◆ **LISTED ENTRIES**

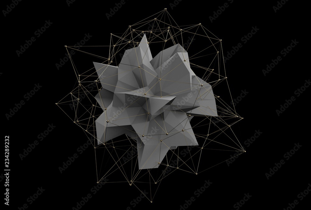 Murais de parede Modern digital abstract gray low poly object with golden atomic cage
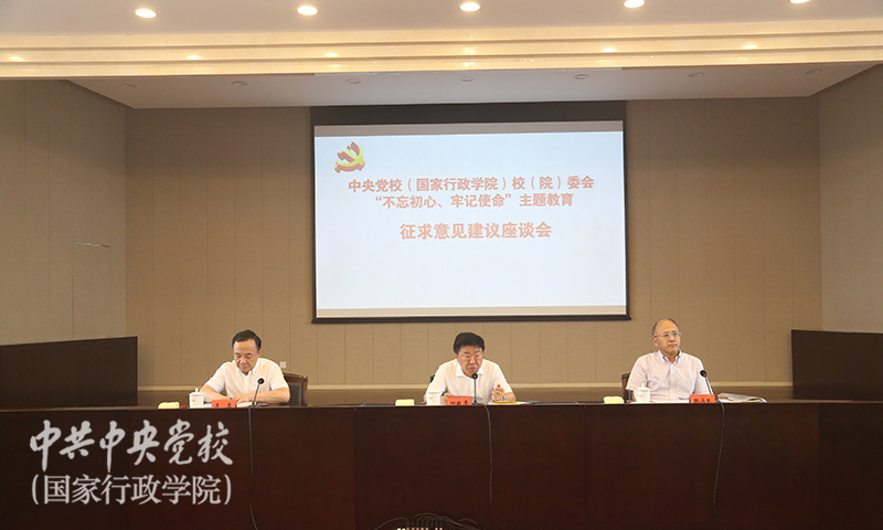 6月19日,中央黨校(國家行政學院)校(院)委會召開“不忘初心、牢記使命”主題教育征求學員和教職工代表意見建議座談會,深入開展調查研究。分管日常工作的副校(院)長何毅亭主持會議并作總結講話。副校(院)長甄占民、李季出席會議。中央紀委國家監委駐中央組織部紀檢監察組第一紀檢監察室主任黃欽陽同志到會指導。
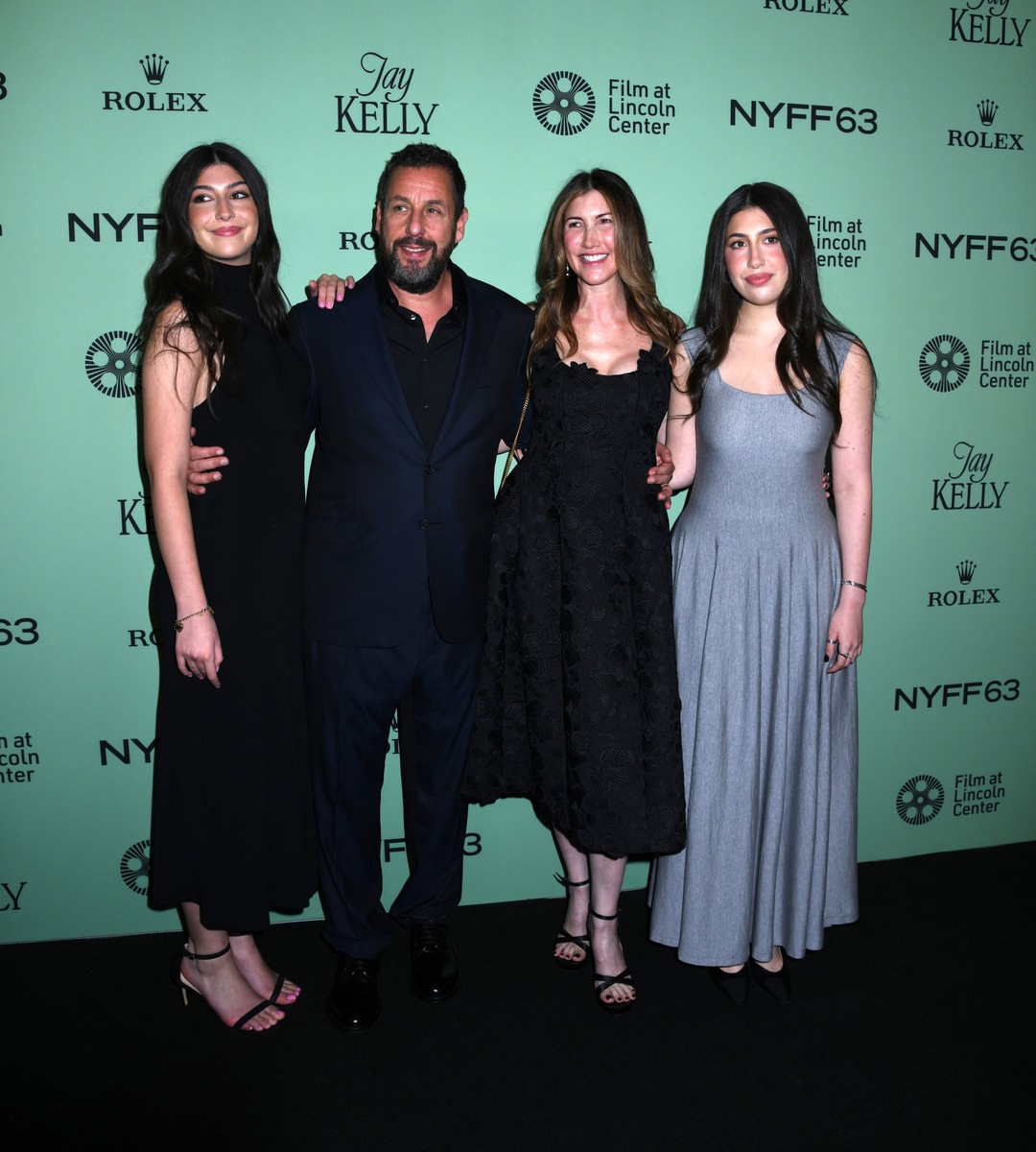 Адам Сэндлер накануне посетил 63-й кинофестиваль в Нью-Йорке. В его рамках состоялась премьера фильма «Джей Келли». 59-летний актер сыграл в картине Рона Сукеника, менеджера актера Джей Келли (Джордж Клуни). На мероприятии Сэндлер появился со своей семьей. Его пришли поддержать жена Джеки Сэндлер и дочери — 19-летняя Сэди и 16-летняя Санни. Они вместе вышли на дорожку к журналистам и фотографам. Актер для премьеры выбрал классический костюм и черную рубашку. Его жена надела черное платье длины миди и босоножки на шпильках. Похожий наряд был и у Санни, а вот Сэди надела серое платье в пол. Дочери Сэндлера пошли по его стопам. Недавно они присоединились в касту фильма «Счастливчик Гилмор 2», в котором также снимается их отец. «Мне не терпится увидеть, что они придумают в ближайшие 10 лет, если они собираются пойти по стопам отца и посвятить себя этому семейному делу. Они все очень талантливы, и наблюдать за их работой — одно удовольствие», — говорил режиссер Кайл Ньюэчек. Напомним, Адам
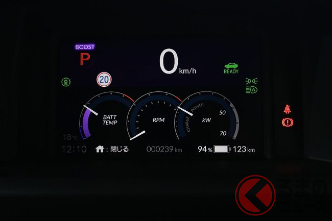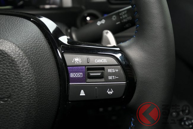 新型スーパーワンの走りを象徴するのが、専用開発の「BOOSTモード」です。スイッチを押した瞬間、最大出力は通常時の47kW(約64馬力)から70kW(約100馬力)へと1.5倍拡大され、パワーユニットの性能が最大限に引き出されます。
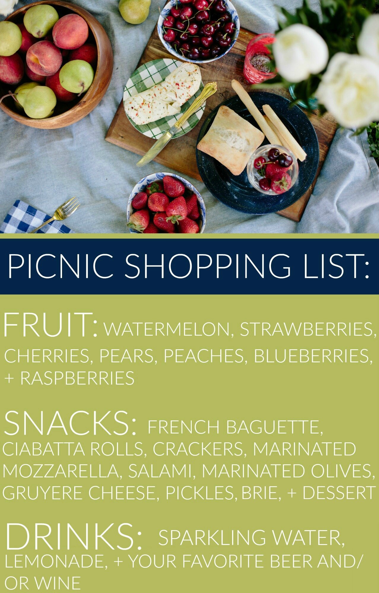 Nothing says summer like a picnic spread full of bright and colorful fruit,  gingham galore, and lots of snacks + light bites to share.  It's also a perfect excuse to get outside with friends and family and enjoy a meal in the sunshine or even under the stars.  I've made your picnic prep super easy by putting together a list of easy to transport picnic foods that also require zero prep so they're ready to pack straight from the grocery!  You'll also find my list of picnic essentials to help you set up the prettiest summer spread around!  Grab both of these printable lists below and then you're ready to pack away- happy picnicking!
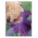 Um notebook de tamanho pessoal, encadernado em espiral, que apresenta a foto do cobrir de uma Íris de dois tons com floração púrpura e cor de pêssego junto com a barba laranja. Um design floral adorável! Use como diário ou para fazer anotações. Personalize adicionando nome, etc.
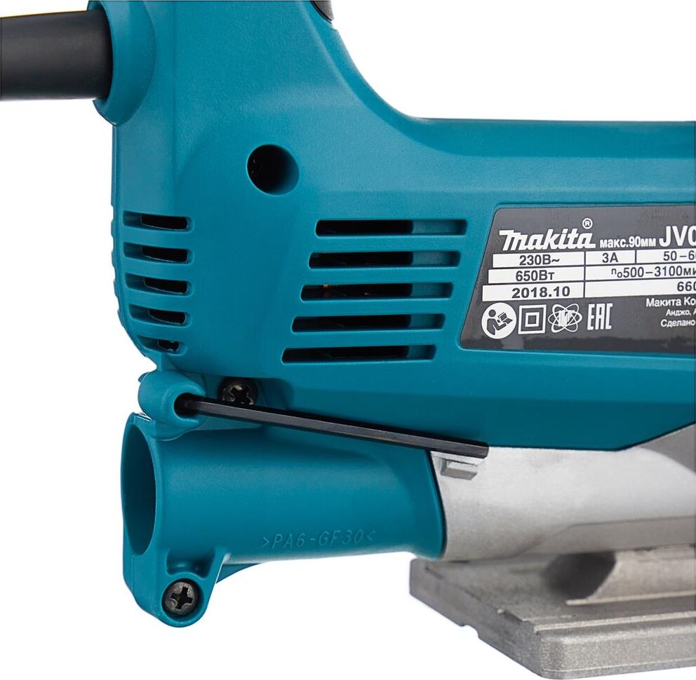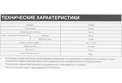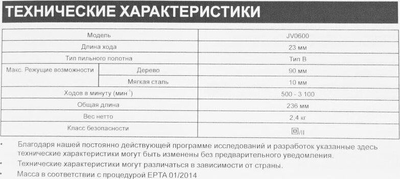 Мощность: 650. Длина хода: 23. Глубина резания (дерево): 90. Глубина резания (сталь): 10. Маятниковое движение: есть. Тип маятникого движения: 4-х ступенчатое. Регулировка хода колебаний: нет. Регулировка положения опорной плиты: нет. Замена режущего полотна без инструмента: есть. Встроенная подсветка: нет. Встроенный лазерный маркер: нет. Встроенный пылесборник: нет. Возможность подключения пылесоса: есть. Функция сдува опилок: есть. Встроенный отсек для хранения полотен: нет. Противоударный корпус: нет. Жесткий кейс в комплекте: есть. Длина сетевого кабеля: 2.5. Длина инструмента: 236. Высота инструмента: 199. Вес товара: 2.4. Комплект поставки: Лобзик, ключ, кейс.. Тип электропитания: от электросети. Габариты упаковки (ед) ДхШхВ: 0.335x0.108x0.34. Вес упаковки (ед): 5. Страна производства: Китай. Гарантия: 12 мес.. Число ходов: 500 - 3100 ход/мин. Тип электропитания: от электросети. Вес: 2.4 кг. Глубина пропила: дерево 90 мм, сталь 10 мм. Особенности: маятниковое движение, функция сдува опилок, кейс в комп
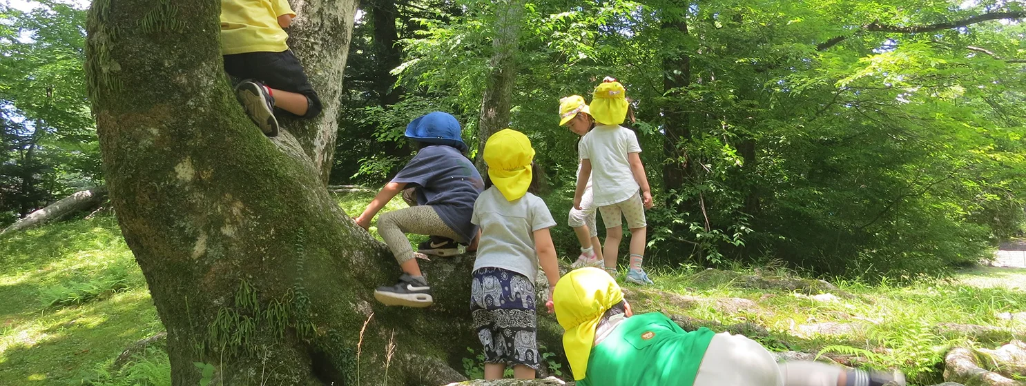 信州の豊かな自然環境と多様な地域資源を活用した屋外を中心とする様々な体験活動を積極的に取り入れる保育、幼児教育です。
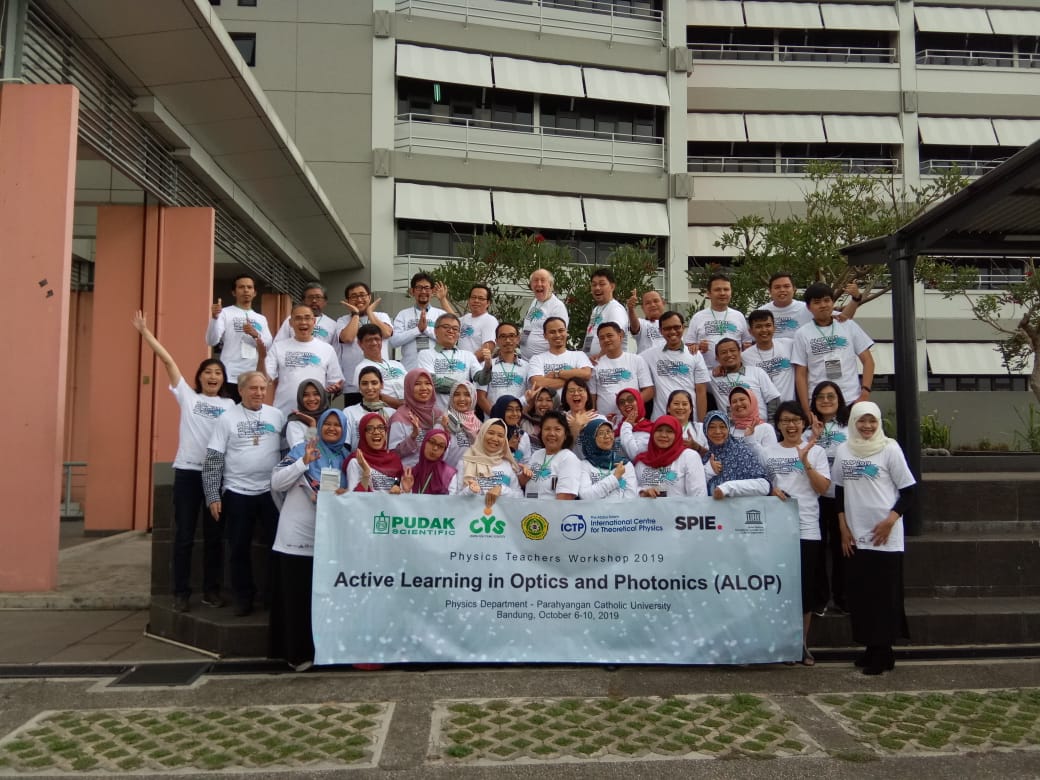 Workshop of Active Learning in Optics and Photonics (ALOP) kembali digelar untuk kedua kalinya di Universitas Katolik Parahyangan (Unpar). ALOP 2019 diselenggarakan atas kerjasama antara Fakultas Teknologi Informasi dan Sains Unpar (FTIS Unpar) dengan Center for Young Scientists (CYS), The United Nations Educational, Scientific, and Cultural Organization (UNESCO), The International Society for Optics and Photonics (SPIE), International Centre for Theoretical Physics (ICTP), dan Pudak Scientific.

◆ **ACTION ITEM**
Pictures aside, transcribe exactly the lines from the line containing "信州の豊かな自然環境と多様な" through the final line of the material above.

◆ **RESPONSE TO THE TASK**
 信州の豊かな自然環境と多様な地域資源を活用した屋外を中心とする様々な体験活動を積極的に取り入れる保育、幼児教育です。
 Workshop of Active Learning in Optics and Photonics (ALOP) kembali digelar untuk kedua kalinya di Universitas Katolik Parahyangan (Unpar). ALOP 2019 diselenggarakan atas kerjasama antara Fakultas Teknologi Informasi dan Sains Unpar (FTIS Unpar) dengan Center for Young Scientists (CYS), The United Nations Educational, Scientific, and Cultural Organization (UNESCO), The International Society for Optics and Photonics (SPIE), International Centre for Theoretical Physics (ICTP), dan Pudak Scientific.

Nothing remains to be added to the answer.